Details: Fetching https://example.com:8443/.well-known/acme-challenge/44DVtYx2WBKaujKCYO7tOxZ4nS2-m_-Ci5dLoQw0X34 Error getting validation data
An SSL / TLS certificate could not be issued for example.com
The SSL / TLS Let's Encrypt certificate could not be issued for example.com . Authorization error for the domain.
Invalid response from https://acme-v02.api.letsencrypt.org/acme/authz-v3/xxxxxx.

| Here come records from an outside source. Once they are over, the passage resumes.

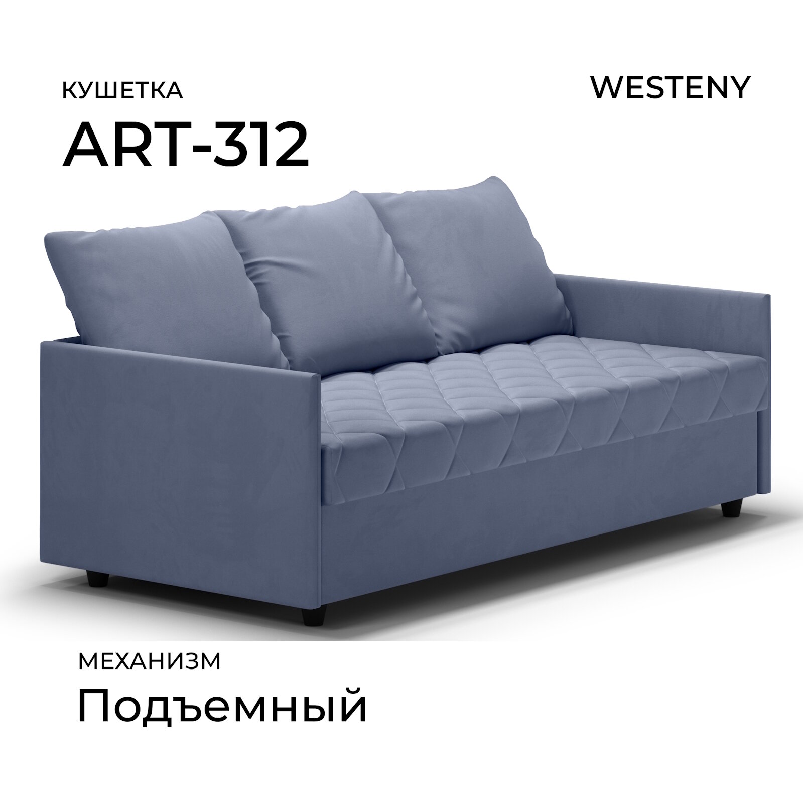 Кушетка WESTENY "ART-312 " 200x94x62, 90x190, 1 место, синий велюр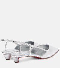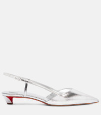 The Miss Z Slingina slingback pumps from Christian Louboutin are made from glossy laminated leather with sharp pointed toes. They rest atop modest 25mm heels and feature the house's Everlasting Red soles. Product Details - Upper: calf leather - Lining: leather - Sole: leather insole, signature red leather sole - Toe shape: pointed toe - Made in Italy - Includes: shoe box - Designer color name: Silver/Lin Silver - Item color: silver - Item number: P01045514 Size & Fit - True to size - European sizes - 2,5cm-1" heel (size EU 38)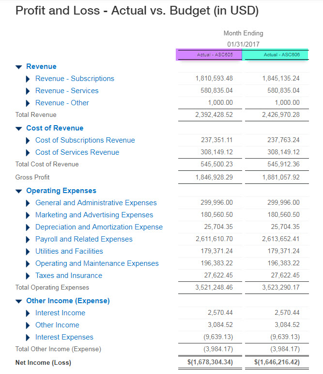 Below, is an example of a Profit and Loss report with a side-by-side comparison of ASC 605 and ASC 606.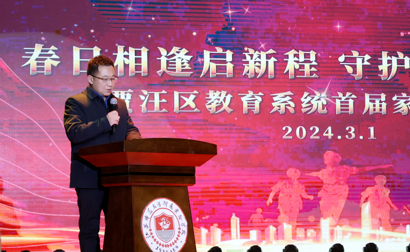 随后,贾汪区教育局党委委员阚东海在活动中讲话,阚局长阐述了举办家长节的目的与意义,为各学校今后在家校共育方面应做的努力指明了方向,同时也向广大家长发出倡议,家校携手共同营造温馨和谐的育人环境。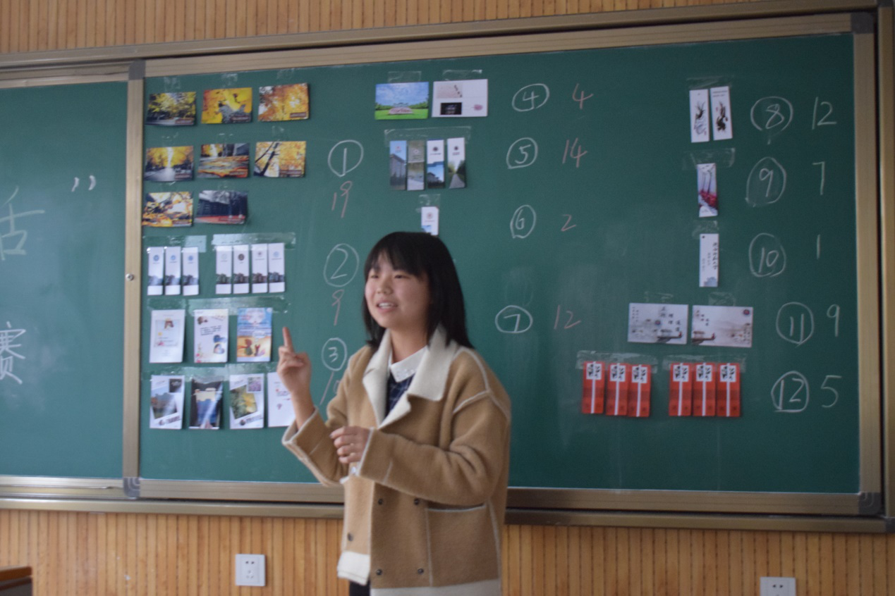 本次大赛以校园青春、传统美德、文学名著为主要题材,挑选优秀作品制作成书签、明信片或纸杯实体进行展评。会议现场,各参赛选手将设计制作而成的实物样品悬挂展示,评审依次上台近距离观看并挑选出五个最喜欢的作品进行投票。最终,主持人公布了评选结果,对12个入围选手的作品进行了点评并提出建议,票数前六名的选手获得了高校间评选大赛的参赛资格,在进一步的完善后将与其他高校的选手一决高下。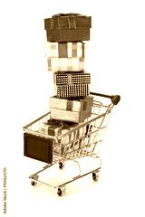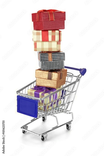 Shopping Cart With Stack Of Gift Boxes Isolated On White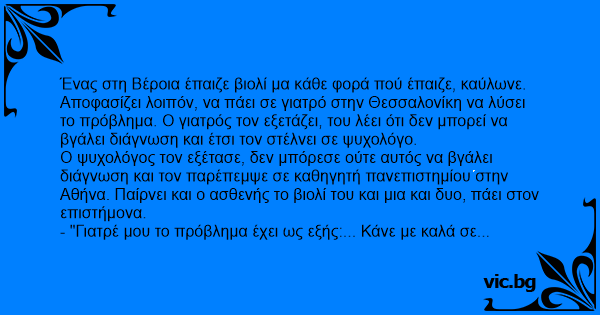 Ένας στη Βέροια έπαιζε βιολί μα κάθε φορά πού έπαιζε, καύλωνε. Αποφασίζει λοιπόν, να πάει σε γιατρό στην Θεσσαλονίκη να λύσει το πρόβλημα. Ο γιατρός τον εξετάζει, του λέει ότι δεν μπορεί να βγάλει διάγνωση και έτσι τον στέλνει σε ψυχολόγο.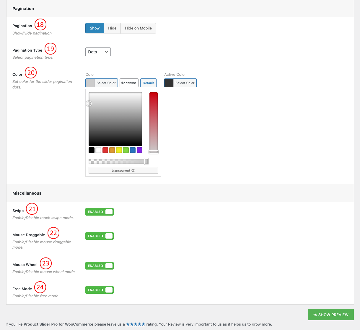 (20) Color: If you select the pagination type as Dots, you can set Dot’s color as you wish.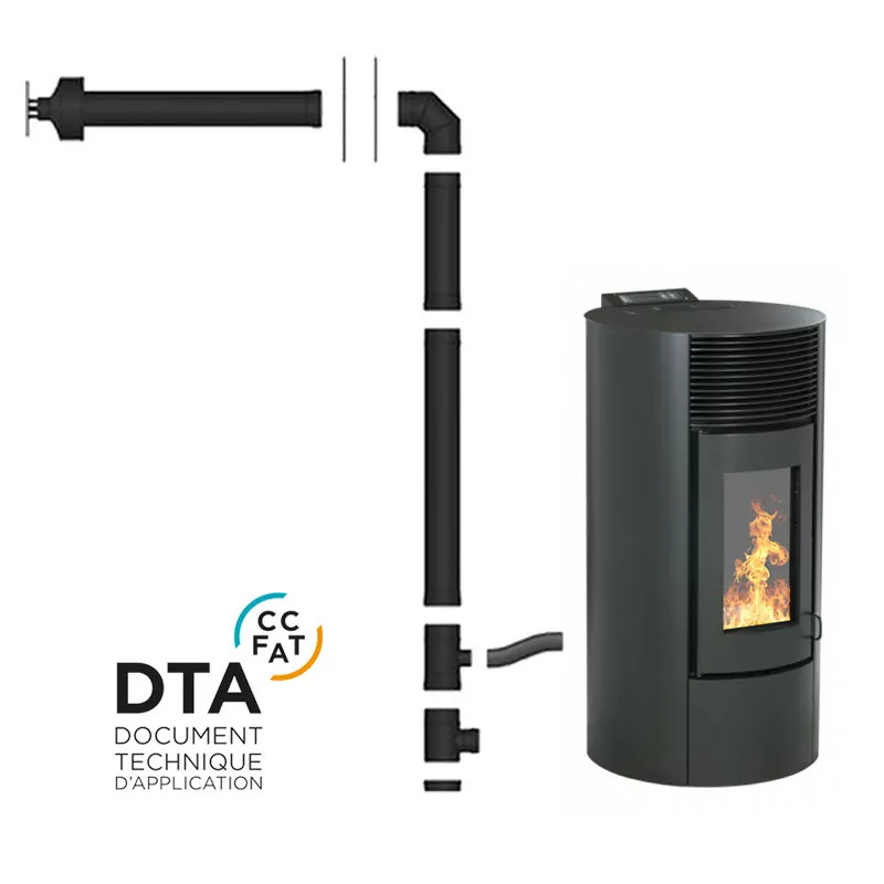 Pack poêle à granulés étanche Segreto Plus + Kit conduits concentrique sortie arrière – 12 Kw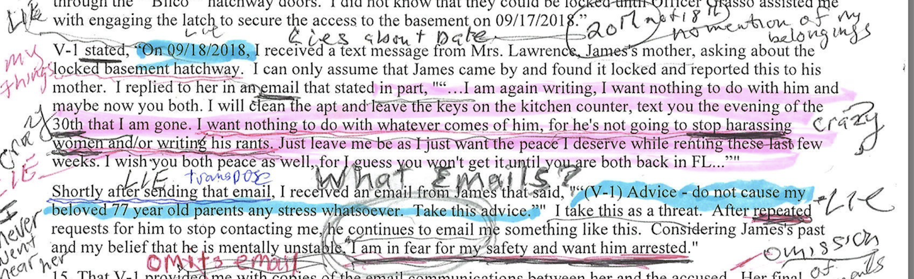 First I will address this omitted piece of Discovery Evidence that was written to exist within the Arrest Warrant. In Section 14 Paragraph 6 of the Arrest Warrant quote: V-1 stated “On 9/18/2018 I received a text message from Mrs. Lawrence, James’ mother, asking about the locked basement hatchway. I can only assume that James came by and found it locked and reported this to his mother. I replied to her in an Email that stated in part ..., “I am again writing, I want nothing to do with him and now maybe you both. I will clean the apartment and leave the keys on the kitchen counter, text you the evening of the 30th that I am gone. I want nothing to do with whatever comes of him, for he’s not going to stop harassing women and/or writing his rants. Just leave me be as I just want the peace I deserve while renting these last few weeks. I wish you both peace as well, for I guess you won’t get it until you are both back in Fl. …”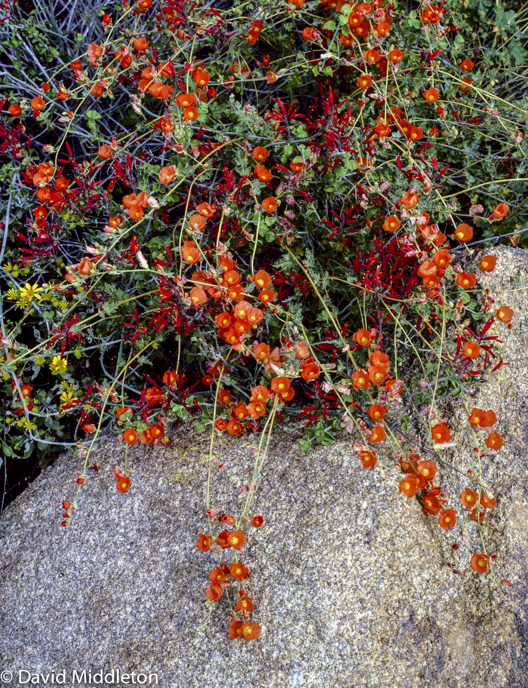 I took this Globemallow with my Pentax 6×7 medium format camera. It wasn’t very good for close-ups but from a couple of feet away it worked really well. I was lucky this day to have a thinly cloudy sky for just the perfect amount of soft light on the scene.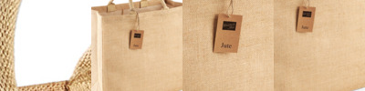 Laminated jute. Cotton carry handles (37cm long). Capacity 29 litres.
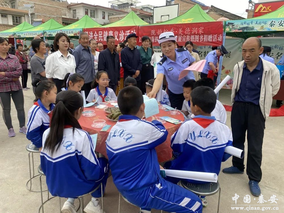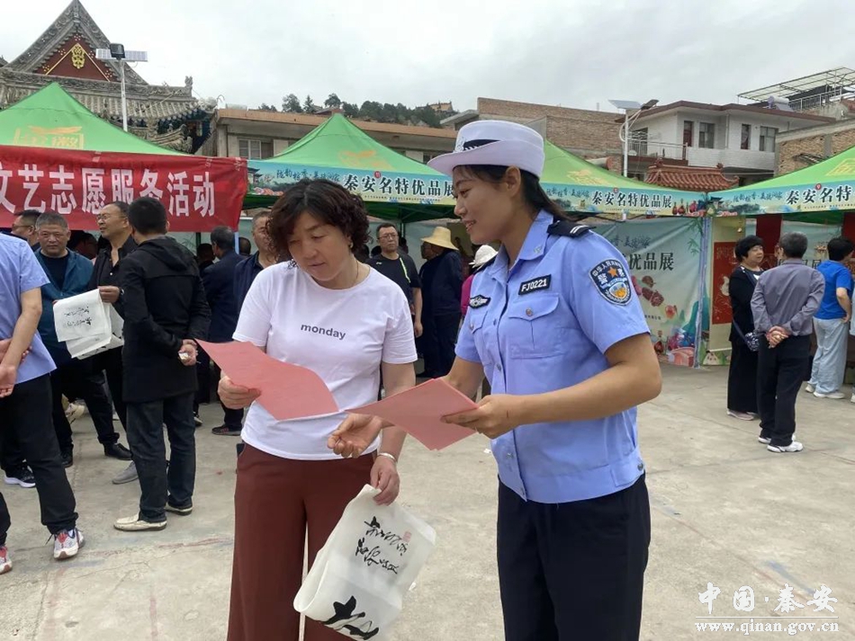 6月19日,兴国镇在凤山社区广场开展“陇韵粽香•美得润家—2023我们的节日•精神的家园”端午主题活动。秦安县公安局交警大队借助这一活动,组织宣传民辅警走进凤山广场开展交通安全宣传活动。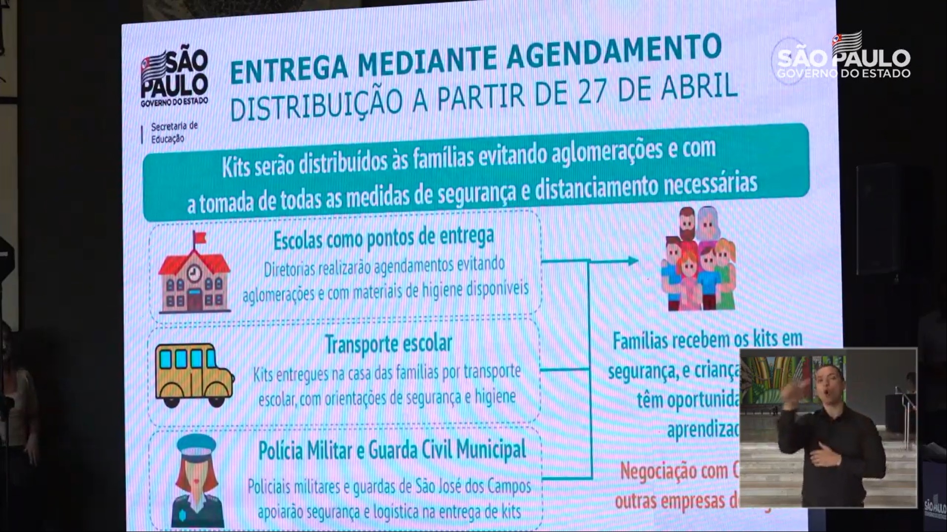 Em relação à distribuição dos materiais, o secretário reiterou que a entrega será feita por diversas formas com possibilidade de entregas na escola (por meio de agendamento), uso de transporte escolar, parcerias com Polícia Militar no processo de logística, entre outros.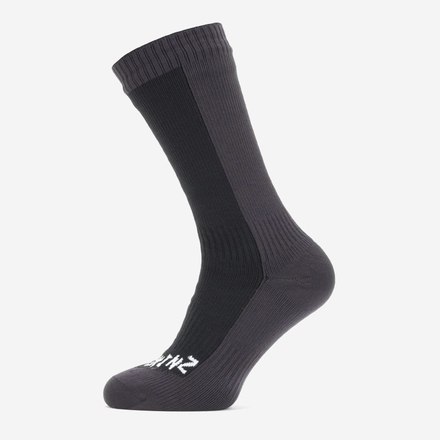 Sealskinz Waterproof Cold Weather Mid Length Sock är en helt vattentät strumpa som är idealisk vid kallare tillfällen. Strumpan är 100% vattentät och vare sig du ska ut en vinterdag, röra dig i blöt terräng eller ta dig fram cyklandes så är Sealskinz vattentäta strumpor ett lysande val. De skyddar dig mot väta, håller fötterna torra och skapar ett behagligt klimat då de också transporterar bort fukten från din hud.
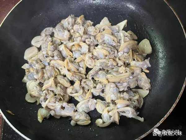 2.花蛤肉下鍋炒的時候,建議用大火快炒,鏟子多翻動,可以更好低將它炒至入味好吃。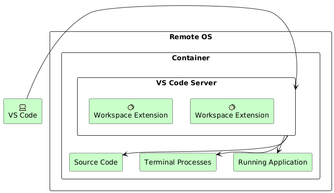 なので、ホスト上に VS Code Server をインストールしたところで実際の開発環境に入り込むことができないので、であれば開発環境のコンテナ上に VS Code Server を入れて直接乗り込もう、というのが今回の趣旨になります。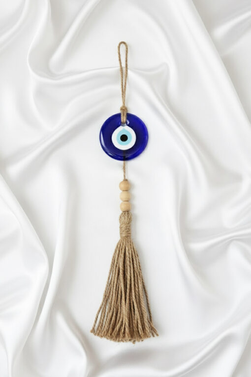 Authentic Turkish Glass Evil Eye Wall Hanging with Jute Tassel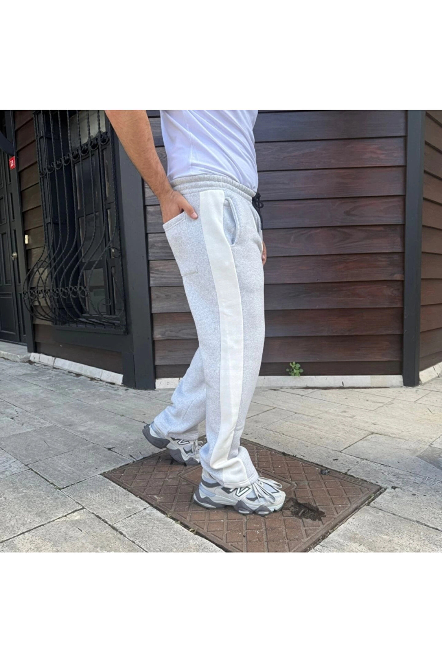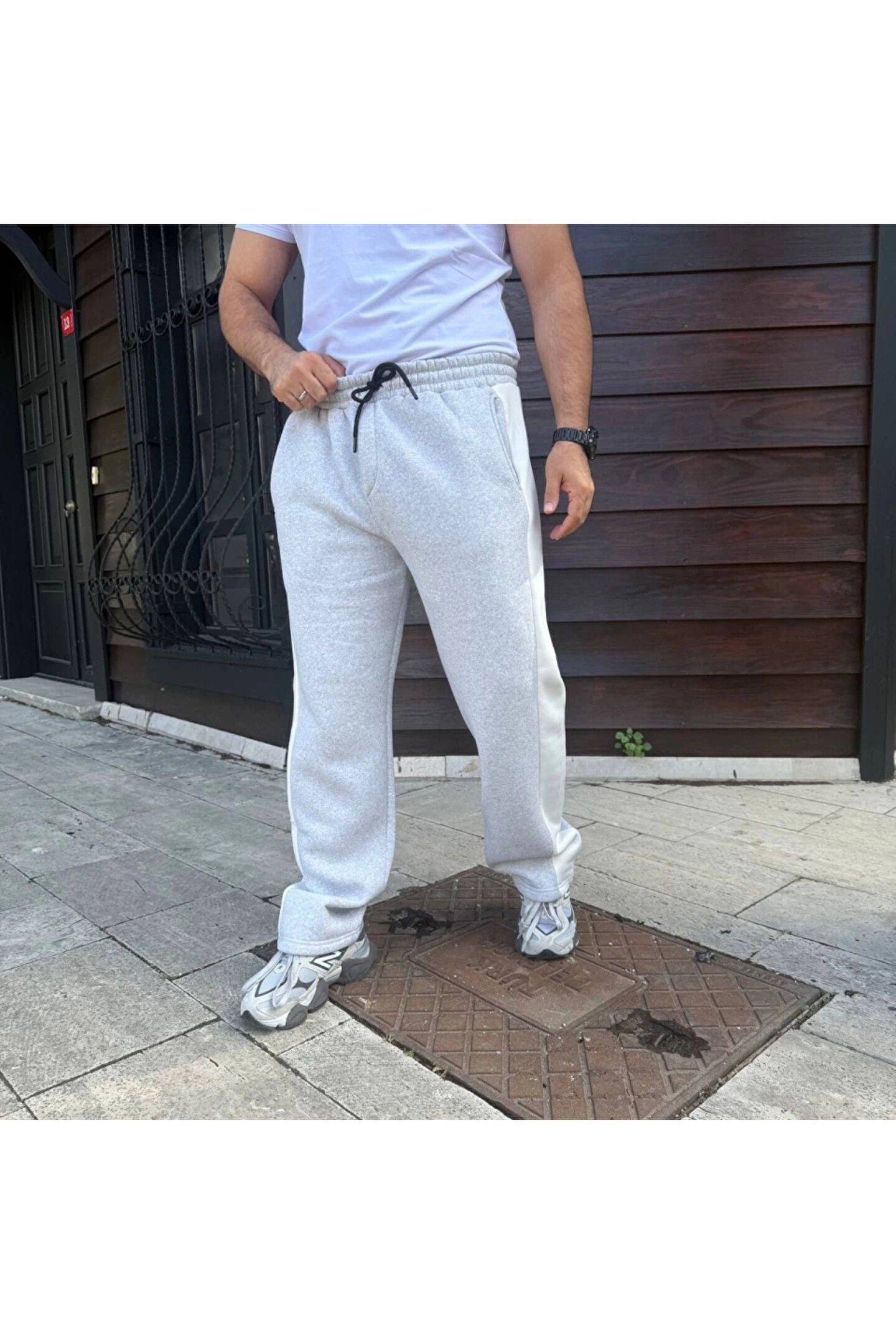 Silerra Erkek Üç İplik Kışlık Pamuklu Yandan Garneli Kalın Bej Şeritli Cepli Eşofman Altı - Gri

Type: urn: ietf: params: acme: error: connection
Detail: Fetching http://example.com/.well-known/acme-challenge/DOgtM-HLdDLxfaGej39Fip168f6njHhwot47XuyGANo: Error getting validation data
example.comresolves to the IP address of the Plesk server on IPv4 and/or IPv6:
# dig +short example.com
# dig +short -t AAAA example.com
The domain example.com is hosted on the same Plesk server, and only IPv4 address is assigned to it in Domains > example.com > Web Hosting Access.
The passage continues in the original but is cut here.